2. **`docker compose down` when convenient** to tear down the dev Postgres container the agent left running.
3. **Pause** before dispatching v1.1.7 (Configuration & Email).
4. **For the v1.1.7 dispatch prompt**, fold in:
- **Fix `dead_letter` handler wiring** (§4 above). Add a call to `list_matching_dead_letter` in `dispatcher::handle_failure` after the row is inserted, enqueue an outbox row per matching trigger with `source_kind: 'dead_letter'` and the appropriate `TriggerEvent::DeadLetter` payload. The recursion-stop rule (handlers can't be dead-lettered) is already implemented; the wiring just isn't connected. Plus a CHANGELOG retroactive note covering v1.1.1v1.1.6 ("dead_letter triggers were registerable but never fired; this release activates them against existing dead_letters rows, no migration needed").

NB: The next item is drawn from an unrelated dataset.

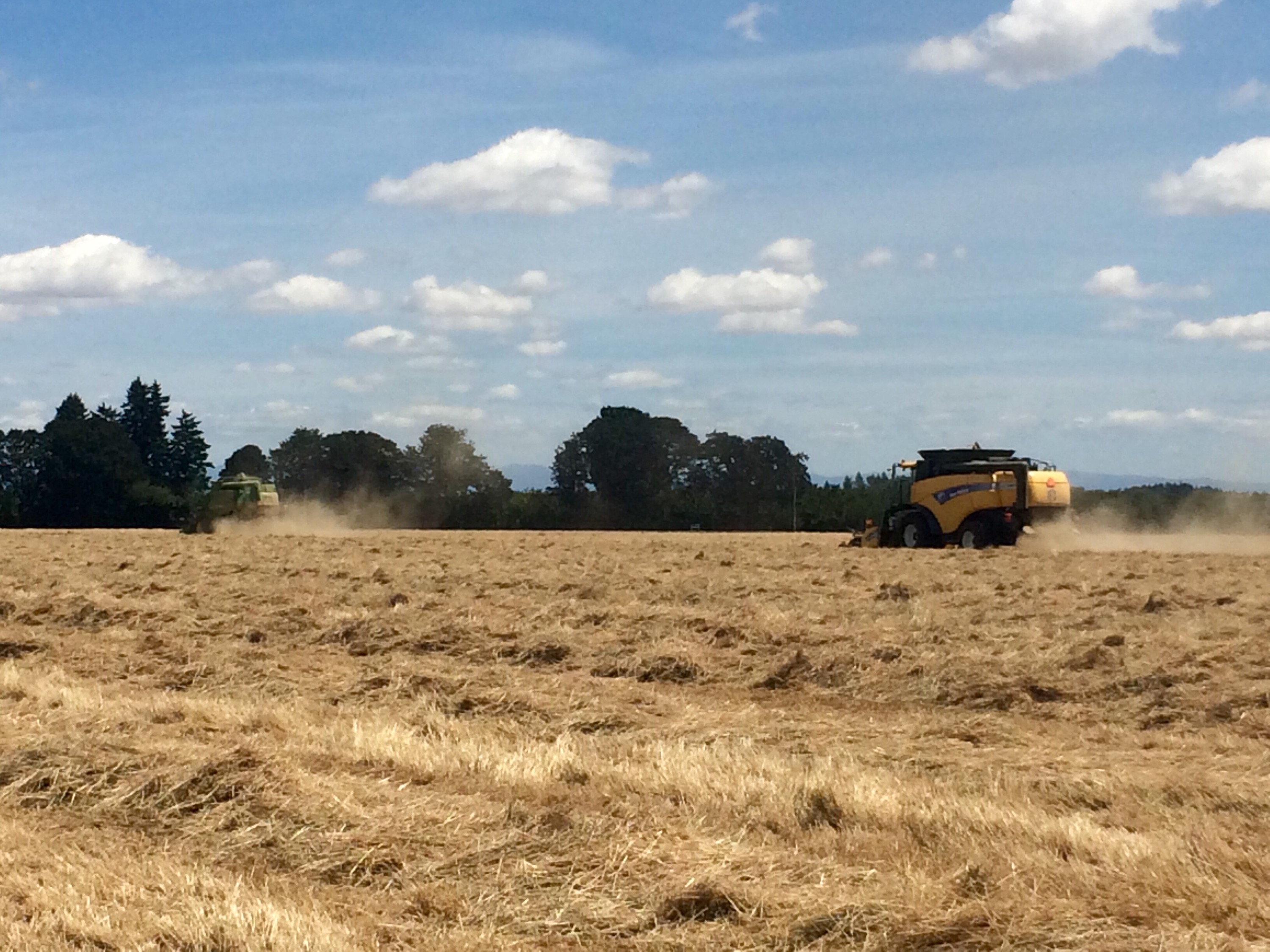 And now the yellow combine heads back to join the John Deere in ryegrass harvest. Back together again!

- **Encrypted per-app secrets.** v1.1.7's brief topic. The `app_secrets` table from v1.1.6 is the natural home; the realtime signing key already lives there. v1.1.7's encrypted-secrets work should extend the table (or add a sibling) for general per-app secrets.

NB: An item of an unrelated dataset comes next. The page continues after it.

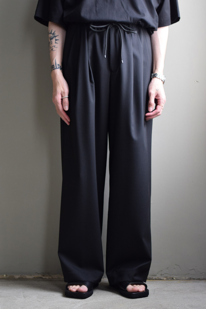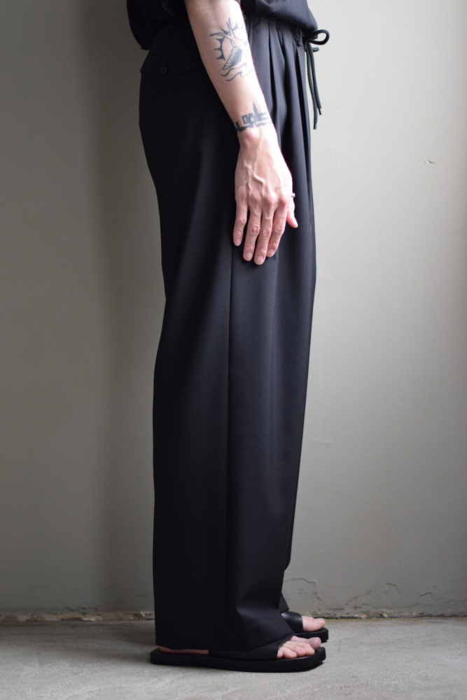 MARKAWARE (マーカウェア) Organic Wool 2/80 Tropical Triple Pleated Easy Trousers [BLACK]

- **§8 attestation discipline refinement:** require the §8 attestation be sourced from `cargo test --workspace 2>&1 | tail` rather than a hand count (per §5 above).

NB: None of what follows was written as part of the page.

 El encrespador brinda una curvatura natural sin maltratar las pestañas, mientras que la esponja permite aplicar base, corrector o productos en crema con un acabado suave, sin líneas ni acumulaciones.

- **The brief-internal-contradiction discipline lesson stuck.** v1.1.7's brief should be walked through for example/spec contradictions before dispatch, same as the v1.1.5 retro lesson the v1.1.6 brief honored. Keep doing this.
5. **For the v1.1.8 dispatch prompt** (User Management): the `app_secrets` table + the `RealtimeAuthority` trait shape are ready for v1.1.8 to add `auth_mode = 'session'` as the third subscriber-auth flavor (extending the CHECK constraint, adding a session-token validator alongside the existing HMAC validator behind the unchanged trait).
Branch is ready for merge. Verdict: **APPROVE**.